Centre for Genomic Regulation (CRG), The Barcelona Institute of Science and Technology, Barcelona, Spain.
Universitat Pompeu Fabra (UPF), Barcelona, Spain.
Hum Mutat. 2019 Jul;40(7):865-878. doi: 10.1002/humu.23772. Epub 2019 May 21.
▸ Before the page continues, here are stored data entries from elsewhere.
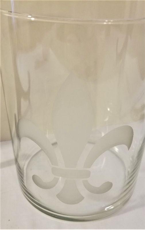 Two piece lot here - pink depression glass plate and clear glass cylinder acid-etched Fleur di Lis Vase. Platter, which is a delicate pink color (hard to see in photo), is 11.5" across. Vase is 8" tall. Both in good condition.
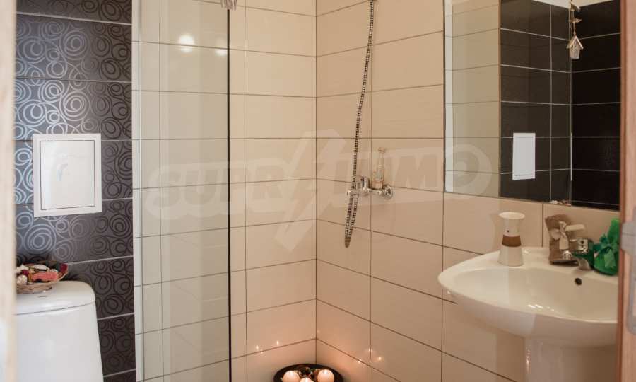 • Bad und WC: Innentüren wasserdicht; halbgeheimes Schloss; voll mit Keramikfliesen bedeckt, in hellen Farben; Die Decken sind mit wasserfester weißer Latexfarbe gestrichen.
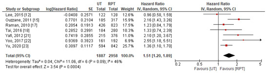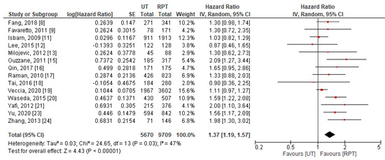 | First Author, Year [Reference] | Journal | Country | Study Design | Recruitment Period, Years | No. of Patients, n RPT/UT | Follow Up, Months RPT/UT | Reported Outcomes | Methodological Quality (NOS) |
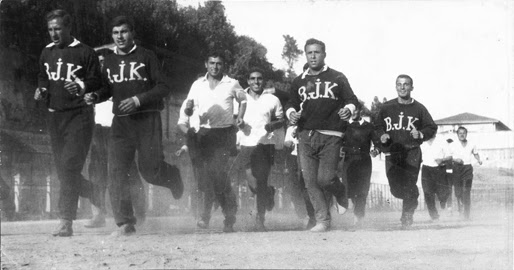 | Şeref Stadında bir idman. En önde Özcan Esinduy ve Coşkun Taş koşuyor. Dördüncü sıradaki Celal Soydan’ın yanında siyah eşofmanlı Kamil Üzülme var. Ali İhsan Karayiğit en arkada görülüyor. |
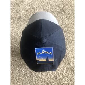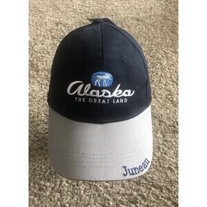 Alaska The Great Land With Moose Hat Cap Adjustable Strap Embroidered Blue Gray
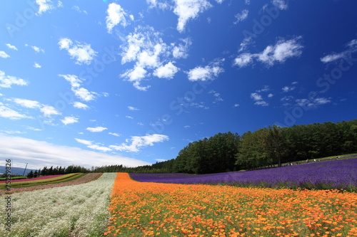 hokkaido, lavandula, poppy, flower garden, july, blue skies, nature, full bloom, sky, flower, blue, plant, midsummer, summer, landscape, cloud, tourist attraction, light, lovely
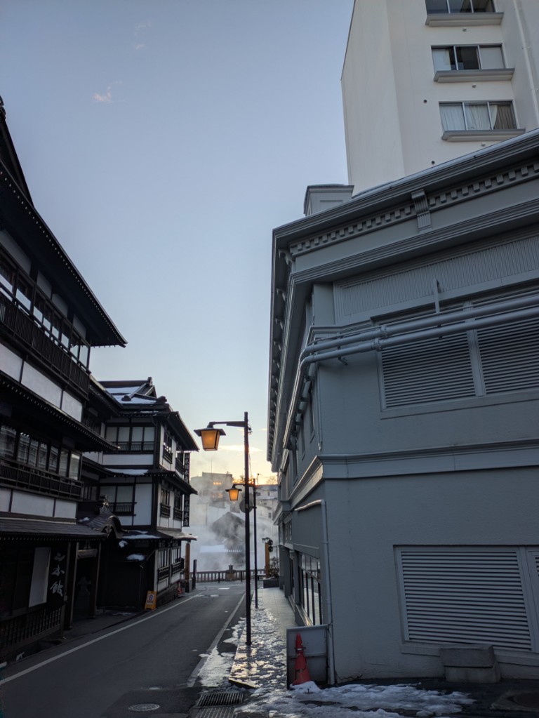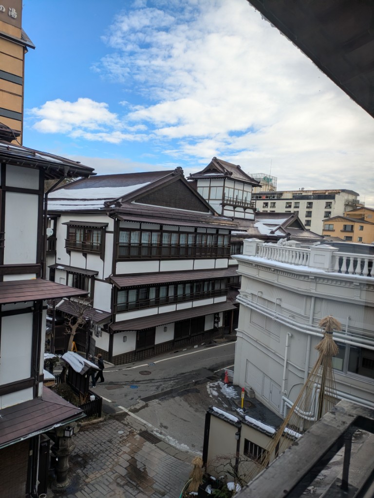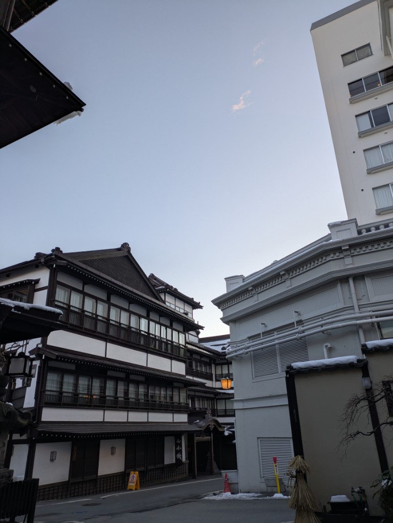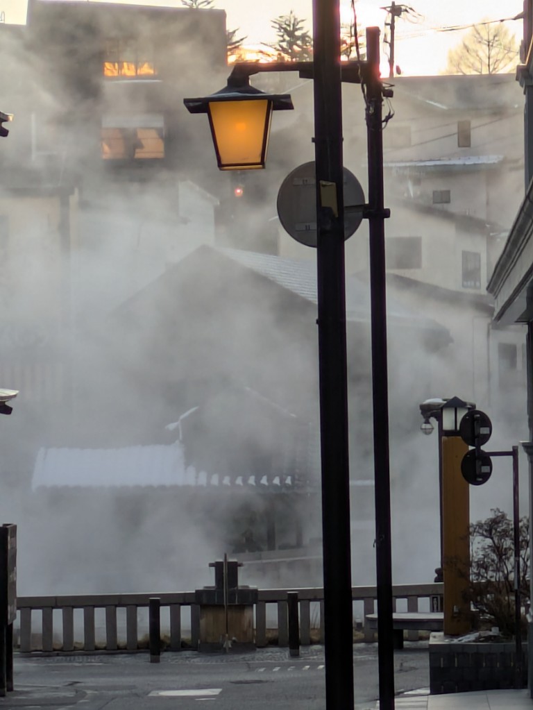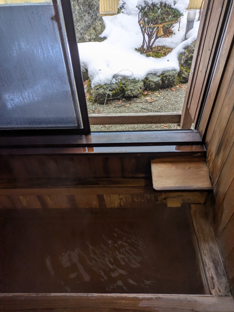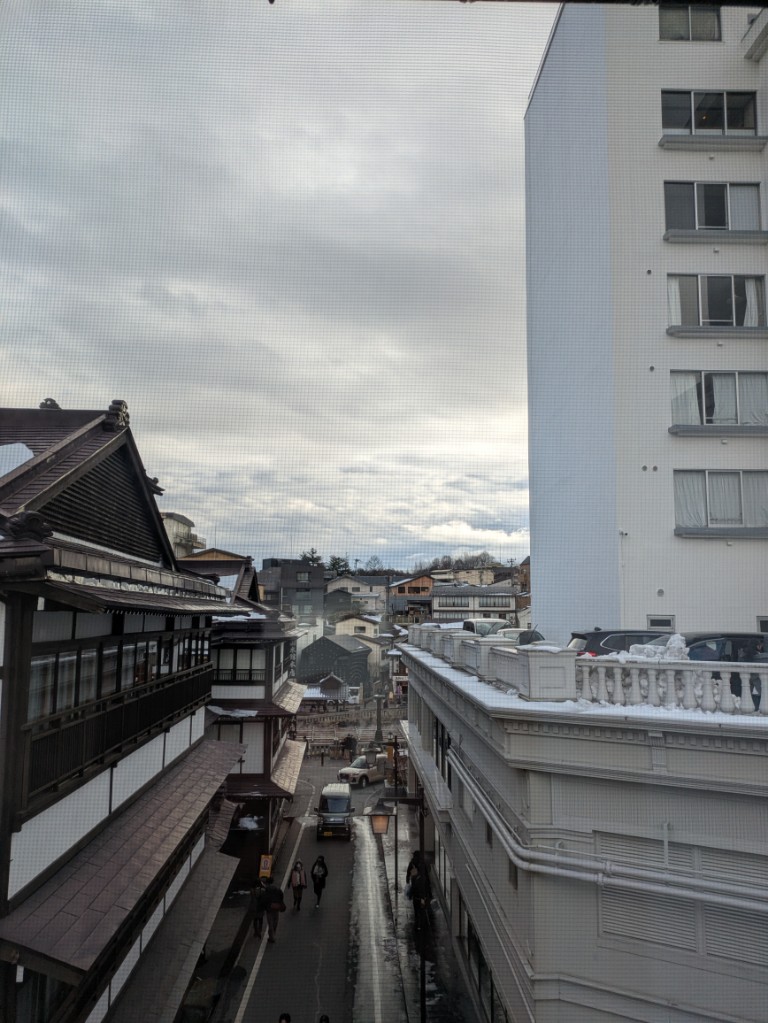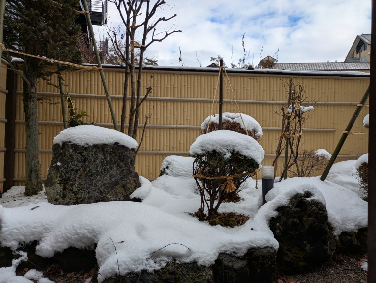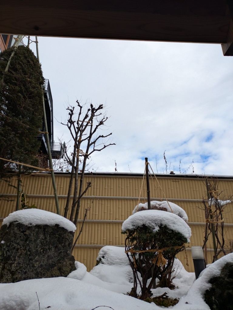 曇り空ですが気温は当館玄関先の気温計で9℃まで上がっています。
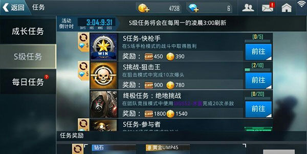5、游戏的任务系统,任务系统有每日任务,可以获得大量的金币奖励以及经验奖励,更亮眼的是S级任务,每个任务有五钻石的奖励!S级任务会在每周的周一凌晨三点更新,小伙伴们别忘了每周做完S级任务领取钻石奖励哦!
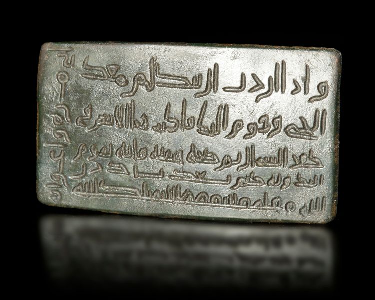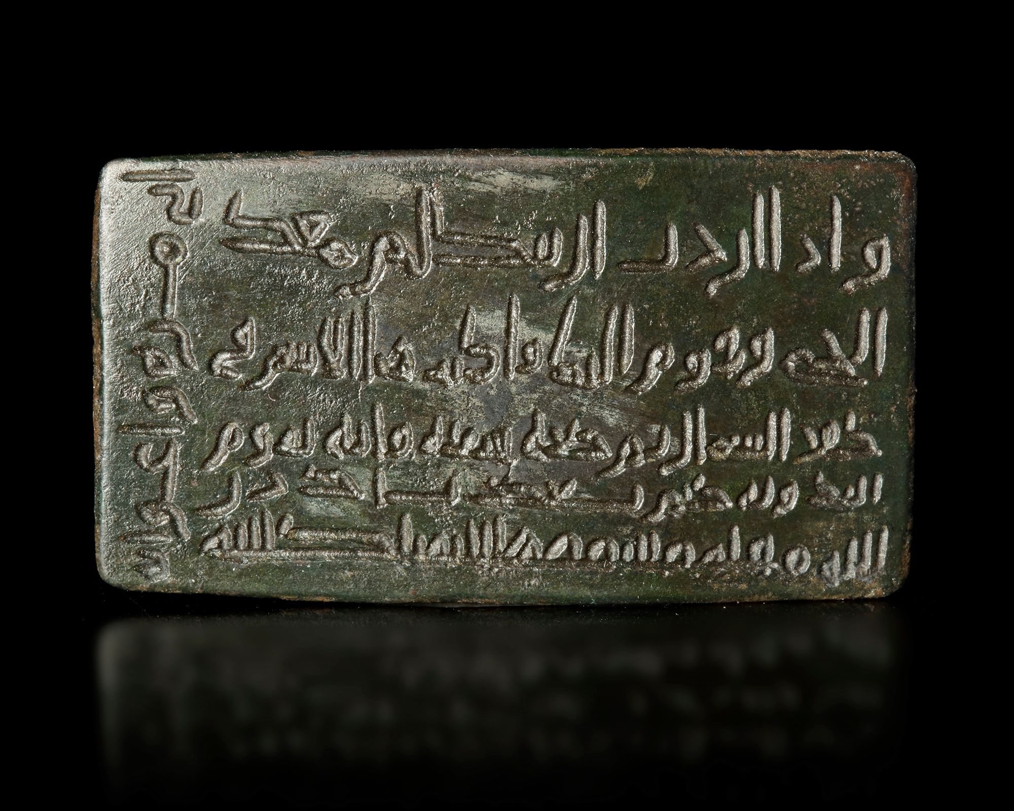 A small bronze plaque engraved with five lines in kufic script. 2.3 by 4.3 cm
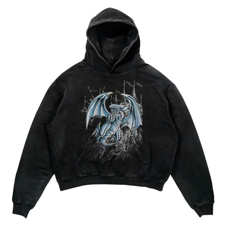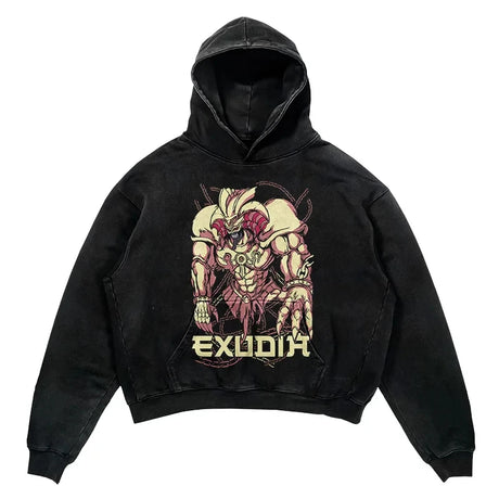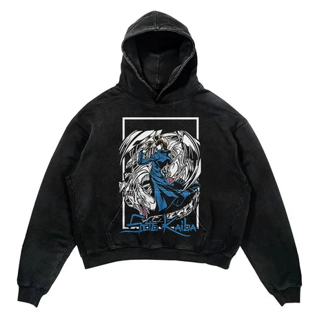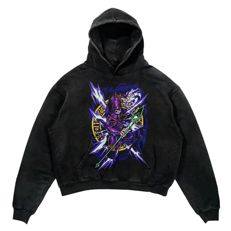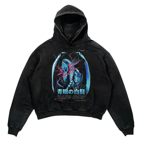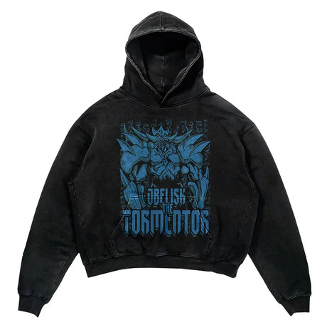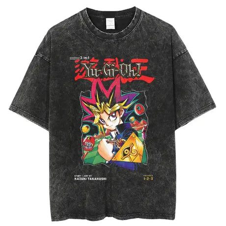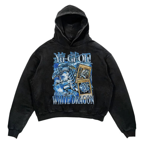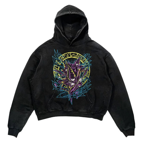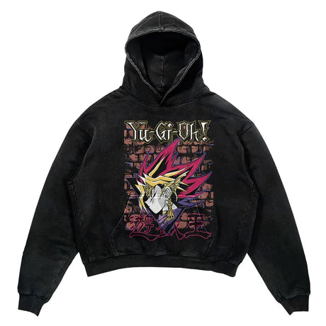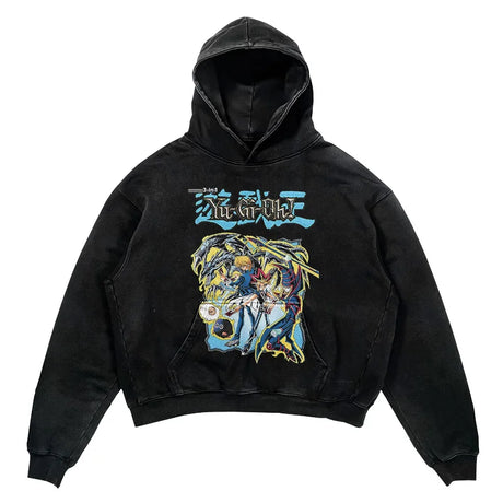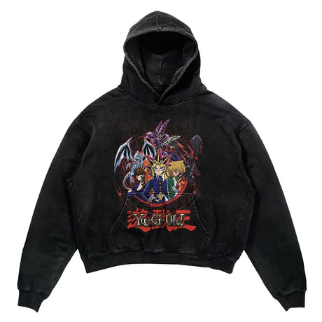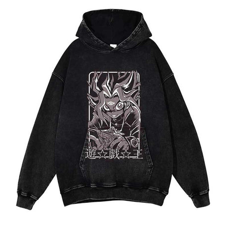 YU-GI-OH! Washed Black Streetwear Cotton Vintage Hoodie
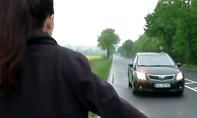 German Blonde Hitchhiker Teenie lure to Fuck in Car by Stranger
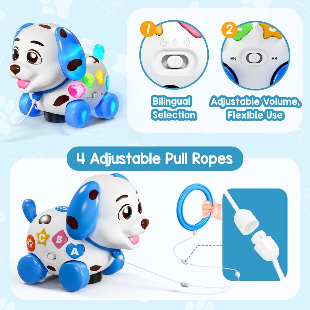 Musical Toy for 1 Year Old Boy Girl, Baby Toys 6-12-18 Months, Puppy Toddler Learning for 1 Year Old Girl Gift, Bilingual Educational with Music Light, 1st Birthday Gift for Boy, Toddlers Musical Learning Toy for 1 Year Old Boy Girl: With adorable sounds, delightful song, and twinkling lights, this musical toddler toy is designed for toddlers 1-3 and baby 12-18 months to learn numbers 1-3, letters A, B, C, 3 animal sounds, along with songs of number and letter Crawling and Walking Baby Toy: Attracted by various music and colorful lights, baby 6-12 month, 9+ months will try to crawl after this musical toy when it walking around with music playing. This baby toy 12-18 months also help baby and toddler 1+ year old to walk. It come with 4 ropes, it is a adjustable length pulling toy and the pull-along feature encourages mobility and coordination Bilingual Educational Toy 1 Year Old: With English and Spanish Mode, your one year old boy and girl can learn number, letter and songs with dual language. 1 year old boy toy, bilingual toy for 1 year old girl. With 2 level of volume, this musical puppy toy is toddler-friendly Developmental and Sensory 1+ Year Old Toy: With charming and captivating puppy figures, vibrant colors, pleasant sounds, and entertaining songs, this musical learning toy for one year old girl provides visual, auditory, and tactile stimulation for your toddler 1 2 3 year and baby 6-12-18 months, enhancing their sensory cognition Ideal 1 Year Old Boy Girl Birthday Gift: Made of ABS, safe and durable. It is perfect for 6-9-12-18 months baby, toy for 1 year old girl gift, 1 year old girl toys, first birthday gift for boy, Christmas gift for 1-3 toddler Shipping We offer FREE shipping on all orders! We ship within Three business days of payment, usually sooner. We use a selection of shipping services such as UPS, FedEx, USPS etc. We only ship to the lower 48 states, no APO/FPO addresses or PO Boxes allowed. Local pickups and combined shipping options are not provided at this time. Return You can return a product for up to 30 days from the date you purchased it. Any product you return must be in the same condition you received it and in the original packaging. Please keep the receipt. Payment We accept payment by any of the following methods: PayPal Please pay as soon as possible after winning an auction, as that will allow us to post your item to you sooner! Feedback Customer satisfaction is very important to us. If you have any problem with your order, please contact us and we will do our best to make you satisfied. Contact Us If you have any queries, please contact us via ebay. We usually respond within 24 hours on weekdays. Please visit our eBay store to check out other items for sale! Thank you for shopping at our store.

Mendelian diseases have shown to be an and efficient model for connecting genotypes to phenotypes and for elucidating the function of genes. Whole-exome sequencing (WES) accelerated the study of rare Mendelian diseases in families, allowing for directly pinpointing rare causal mutations in genic regions without the need for linkage analysis. However, the low diagnostic rates of 20-30% reported for multiple WES disease studies point to the need for improved variant pathogenicity classification and causal variant prioritization methods. Here, we present the exome Disease Variant Analysis (eDiVA; http://ediva.crg.eu), an automated computational framework for identification of causal genetic variants (coding/splicing single-nucleotide variants and small insertions and deletions) for rare diseases using WES of families or parent-child trios. eDiVA combines next-generation sequencing data analysis, comprehensive functional annotation, and causal variant prioritization optimized for familial genetic disease studies. eDiVA features a machine learning-based variant pathogenicity predictor combining various genomic and evolutionary signatures. Clinical information, such as disease phenotype or mode of inheritance, is incorporated to improve the precision of the prioritization algorithm. Benchmarking against state-of-the-art competitors demonstrates that eDiVA consistently performed as a good or better than existing approach in terms of detection rate and precision. Moreover, we applied eDiVA to several familial disease cases to demonstrate its clinical applicability.
孟德尔氏疾病已被证明是一种有效的模式,可将基因型与表型联系起来,并阐明基因的功能。全外显子组测序 (WES) 加速了对家族中罕见孟德尔氏疾病的研究,使得无需进行连锁分析即可直接精确定位基因区域中的罕见因果突变。然而,多个 WES 疾病研究报告的 20-30%的低诊断率表明需要改进变异致病性分类和因果变异优先级排序方法。在这里,我们提出了外显子疾病变异分析 (eDiVA; http://ediva.crg.eu),这是一种自动化的计算框架,用于使用家族或父母-子女三核苷酸的 WES 识别罕见疾病的因果遗传变异 (编码/剪接单核苷酸变异和小插入/缺失)。eDiVA 结合了下一代测序数据分析、全面的功能注释以及针对家族遗传疾病研究优化的因果变异优先级排序。eDiVA 具有基于机器学习的变异致病性预测器,结合了各种基因组和进化特征。将临床信息(如疾病表型或遗传方式)纳入其中,可提高优先级排序算法的准确性。与最先进的竞争对手进行基准测试表明,eDiVA 在检测率和精度方面始终表现得与现有方法一样好或更好。此外,我们将 eDiVA 应用于几个家族性疾病病例,以证明其临床适用性。